# Export/Import options not showing up in OBS for Mac



## Sammers (Jun 26, 2020)

Hello. I recently installed OBS on a MacBook Pro (Retina, 15-inch, Mid-2015) for an upcoming fundraiser. I want to see if there is a way to export my scene collection from the Mac to the Windows PC at my job so we can show it on large projector screens.  I learned one way to transfer OBS files from one PC/Mac to another is by using the export/import feature in the scene collection or profile option of the menu. I do not have that choice. Reference the attached picture. I have watched other Youtube videos and even did a screen share with a colleague with a Mac. I tried reinstalling it and it did not work either. I want to uninstall and reinstall it from the beginning but don't want to risk rebuilding all of my screens. She downloaded it on her own work Mac and it gave her the option to export/import. I am trying to troubleshoot how to find export or import in the menu settings up top. I am not finding it and I am not sure what to do. Please advise. Thank you in advance for any direction you can provide.


----------



## LarryH (Oct 17, 2020)

I have similar problem on PC.  I am new to OBS.  I want to do two different worship services each sunday.  They are very different - one being contemporary and the other being different.  I also try to prepare at home.  When I try to export scenes in Profiles it asks for a folder.  When I select Import OBS asks what files to import so I select the two files shown in the export step.  But nothing happens.  Nothing comes in.  I have lost all I did and being new it takes me a long while to rebuild.  What steps am I missing?


----------



## Tangential (Oct 17, 2020)

Sammers said:


> Hello. I recently installed OBS on a MacBook Pro (Retina, 15-inch, Mid-2015) for an upcoming fundraiser. I want to see if there is a way to export my scene collection from the Mac to the Windows PC at my job so we can show it on large projector screens.  I learned one way to transfer OBS files from one PC/Mac to another is by using the export/import feature in the scene collection or profile option of the menu. I do not have that choice. Reference the attached picture. I have watched other Youtube videos and even did a screen share with a colleague with a Mac. I tried reinstalling it and it did not work either. I want to uninstall and reinstall it from the beginning but don't want to risk rebuilding all of my screens. She downloaded it on her own work Mac and it gave her the option to export/import. I am trying to troubleshoot how to find export or import in the menu settings up top. I am not finding it and I am not sure what to do. Please advise. Thank you in advance for any direction you can provide.

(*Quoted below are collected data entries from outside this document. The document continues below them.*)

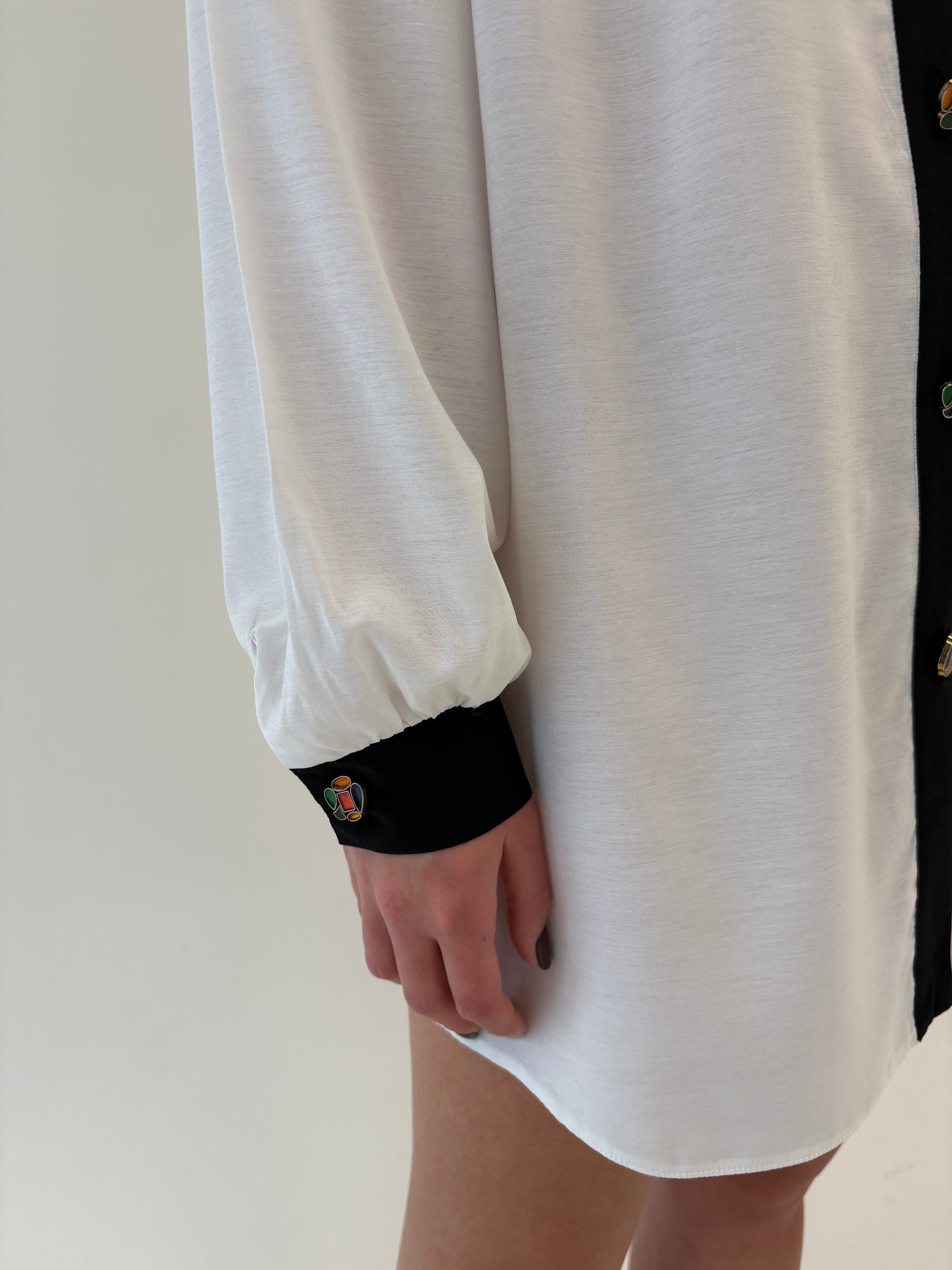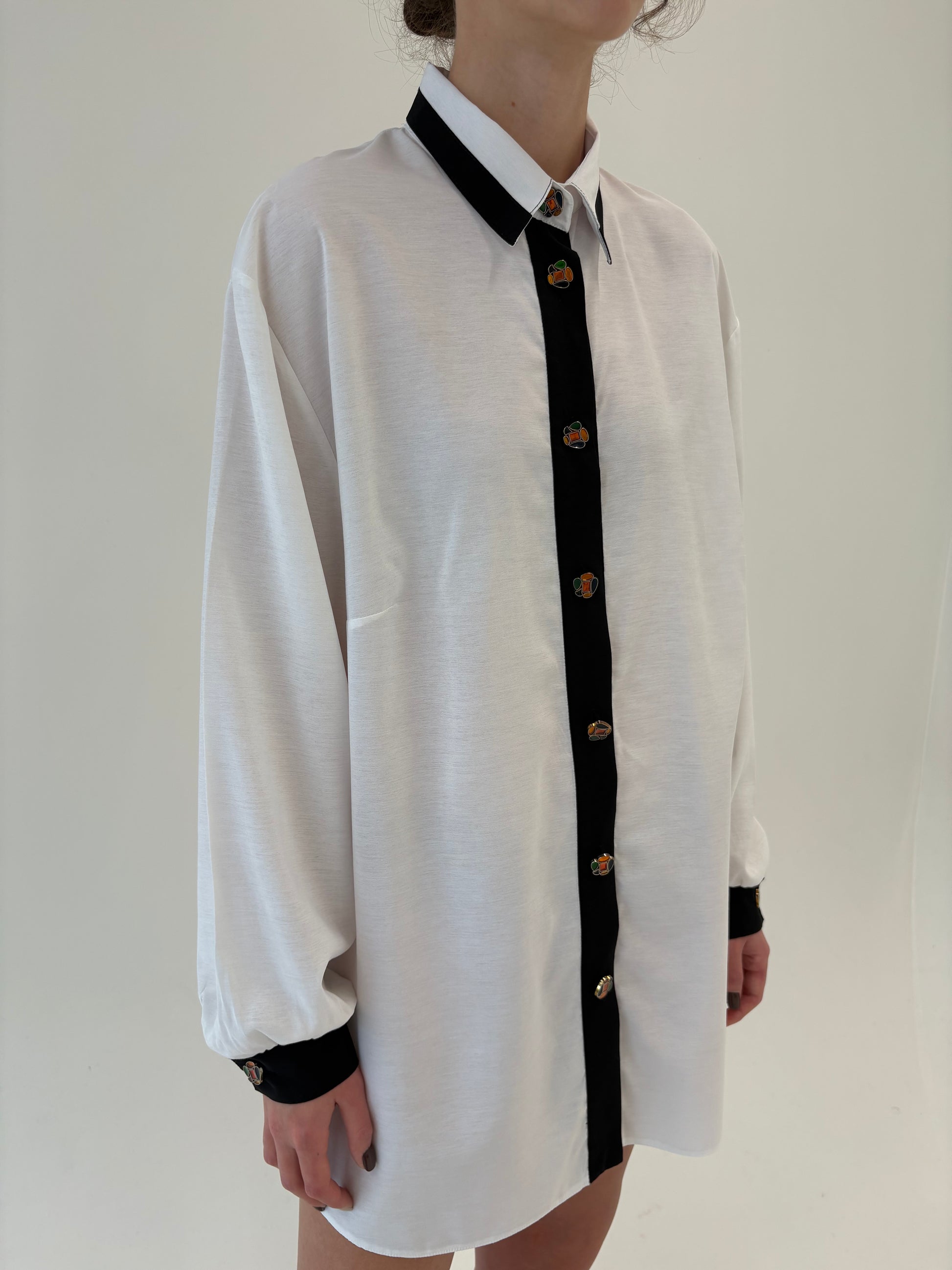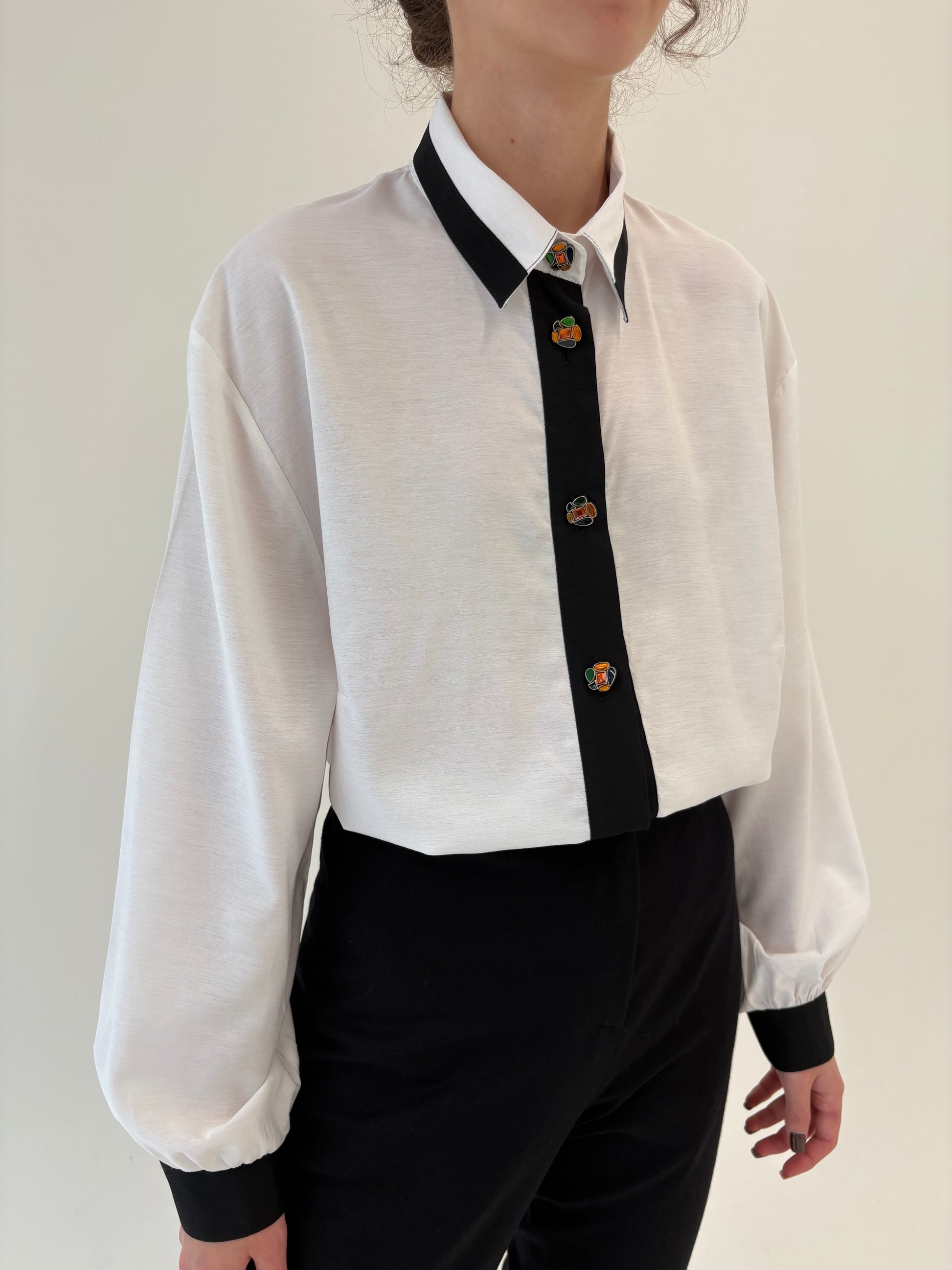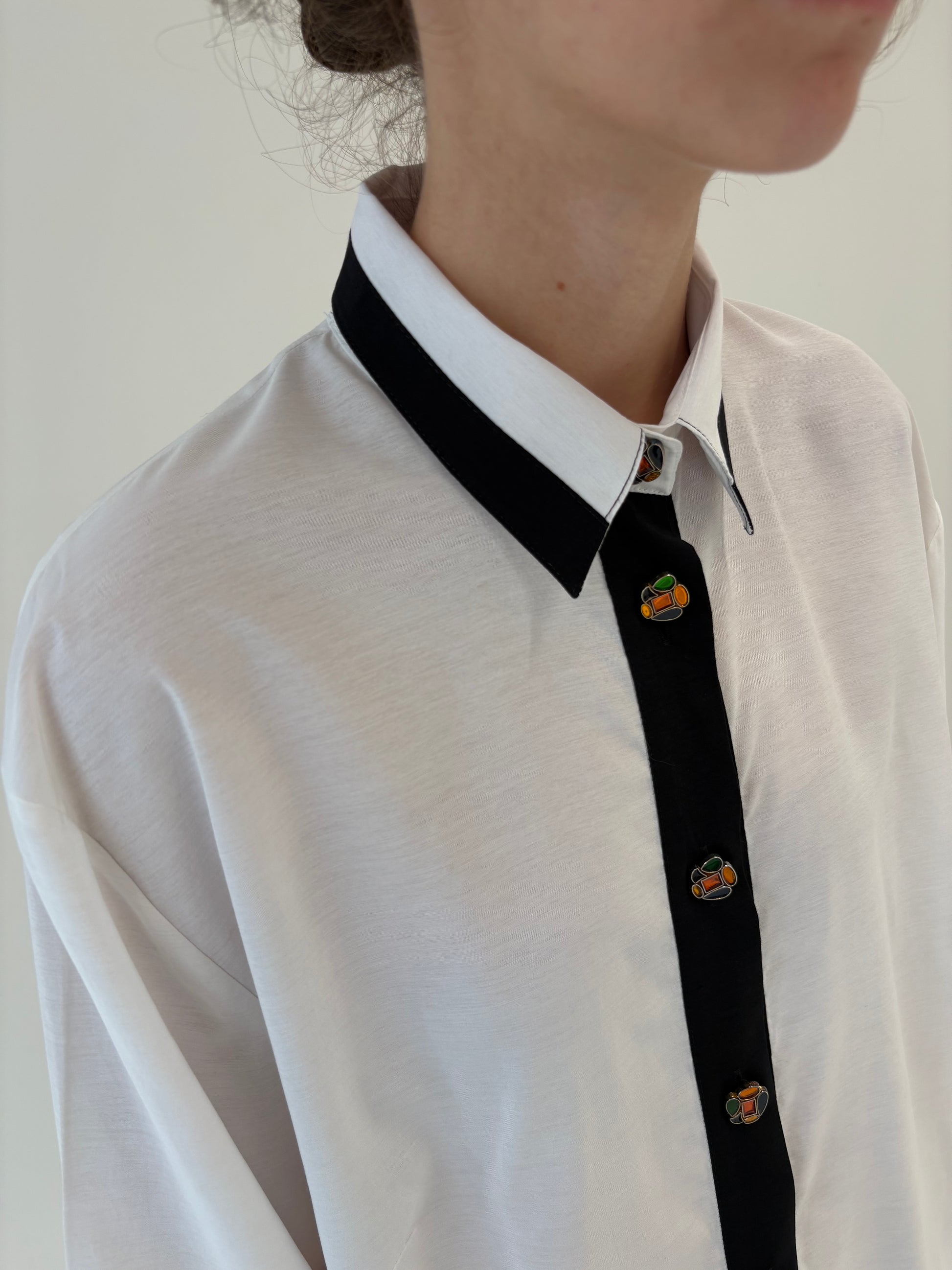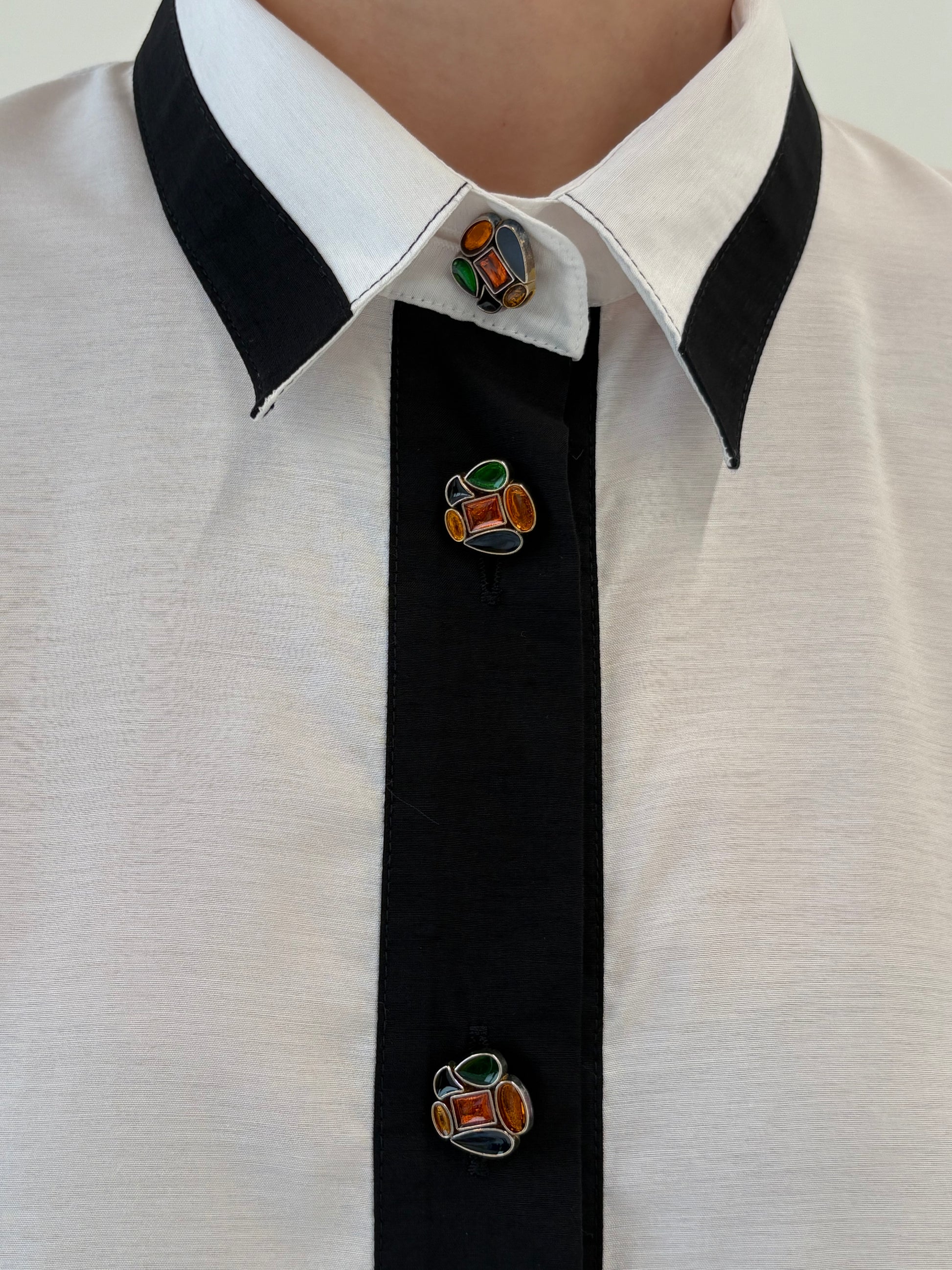 Cămașa vintage cu paspoal negru și nasturi decorativi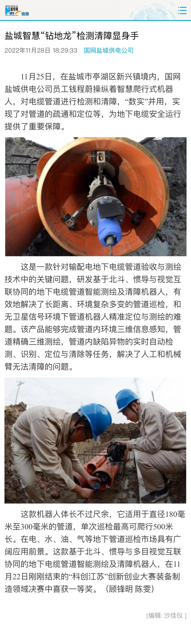 新华网:盐城智慧“钻地龙”检测清障显身手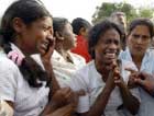 Aug 27 (Reuters) An unidentified relative (L) and Chandalatha Gunaratne (C) cry during Gunaratne's husband, D.A. Lenin's funeral in Trincomalee, August 26, 2006. Lenin, an ethnic Singhalese, was killed by unknown gunmen on Thursday.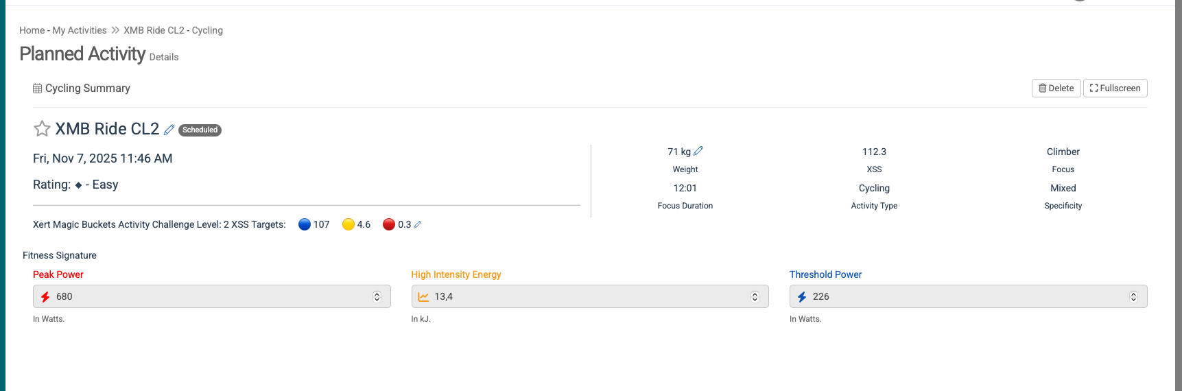 Option C: Use the Magic Buckets tab to generate a simple workout (like I did). The entry on the Training page will be labeled XMB WORKOUT CLx. The workout can be sent to a compatible head unit and ridden as a structured workout using the head unit’s native workout player.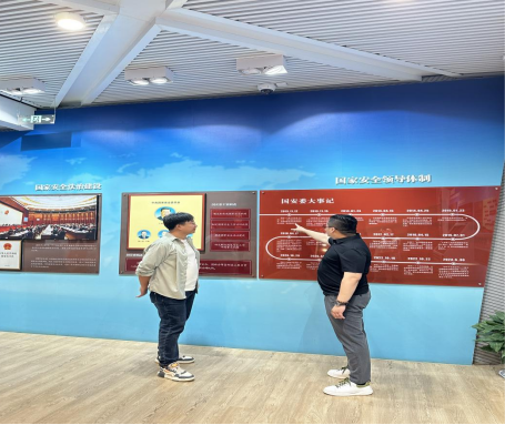 进入中共五大会址,首先参观学习的是“安邦基石”武汉国家安全教育展。这片主题展区共分为五个部分。一进入序厅,映入眼帘的就是主题浮雕墙,这是由多个国家安全重点领域元素组合而成,表明当前我国国家安全内涵和外延比历史上任何时候都要丰富,时空领域比历史上任何时候都要宽广,内外因素比历史上任何时候都要复杂。随后进入第一展区,此展区的主题是“安国重典”,在这个展区呈现了国家安全法以法律形式确立了总体国家安全观的指导地位和国家安全领导体制,规定了维护国家安全的各项任务,建立了维护国家安全的各项制度。进入第二展区,此展区的主题是“较量无声”,在这一展区主要呈现了反分裂、反间谍、反恐怖是维护国家安全重点领域的重要战场。国家安全关乎国家核心利益,维护国家重点领域安全,坚持专门工作与群众路线相结合是有效开展国家安全工作的重要法宝。进入第三展区,此展区的主题是“无名丰碑”,这一展区为我们解密了我党隐蔽战线上的无名英雄为取得中国革命、建设和改革的伟大胜利建立了不朽的功勋,而武汉作为我党专业情报保卫机构的发源地,在隐蔽战线历史上留下了光辉一页。进入尾厅,参观的学员们纷纷在电子留言簿上签名和留言,表达了学员们牢固树立国家安全观,忠诚维护国家安全的责任与担当。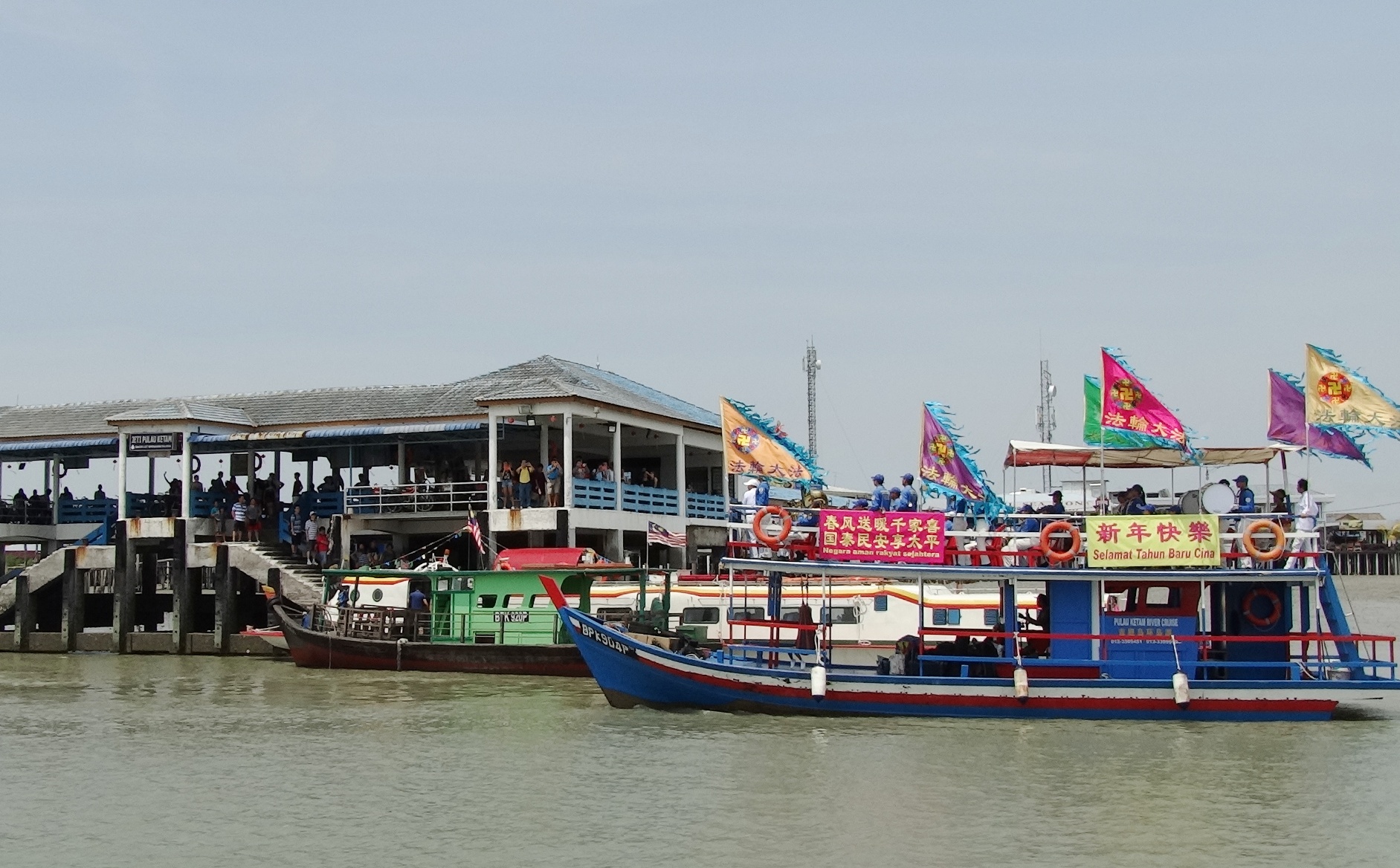 二月十三日下午一时,天国乐团团员乘上一艘主要以七彩缤纷的“法轮大法”旗子装饰的双层吉胆岛(Pulau Ketam)环岛游船,开始了当天的环岛演奏。在历时约一小时半的行程中,天国乐团环绕了吉胆岛沿岸两个人口密集的主要渔村,吉胆渔村和五条港渔村,向民众送上新年祝福。天国乐团演奏着一首接一首震撼人心、优美的乐曲,嘹亮的旋律传遍了吉胆岛的多个角落,增添了当地新年喜庆气氛。

Your scenes and profiles on a mac are stored in ~/Library/Application\ Support/obs-studio/basic/

Under basic are 2 directories, scenes and profiles. If you look in those directories the contents should be self evident. Each scene collection is a JSON file and each profile is a subdirectory with ini and JSON files. (You may be able to take the scene json file directly to the new system; I haven't tried that but all of the pathing will be wrong for Windows.)

You could try quitting OBS, backing that basic directory up so you have a full copy of all your scene collections and profiles. Then remove ~/Library/Application\ Support/obs-studio and  restart OBS. At this point OBS will have recreated the directories and you will have no scenes or profile. Verify that export and import now show up in your menu.

Now stop OBS and just copy back into place the scene collection json file you want to export and restart OBS and see if export still shows up. Then do the same for the profile directory.

(The approach I use is the 'combombulator' function in UPDeck. It is free and it builds a complete packaged up export of a scene collection and all of its elements.)


----------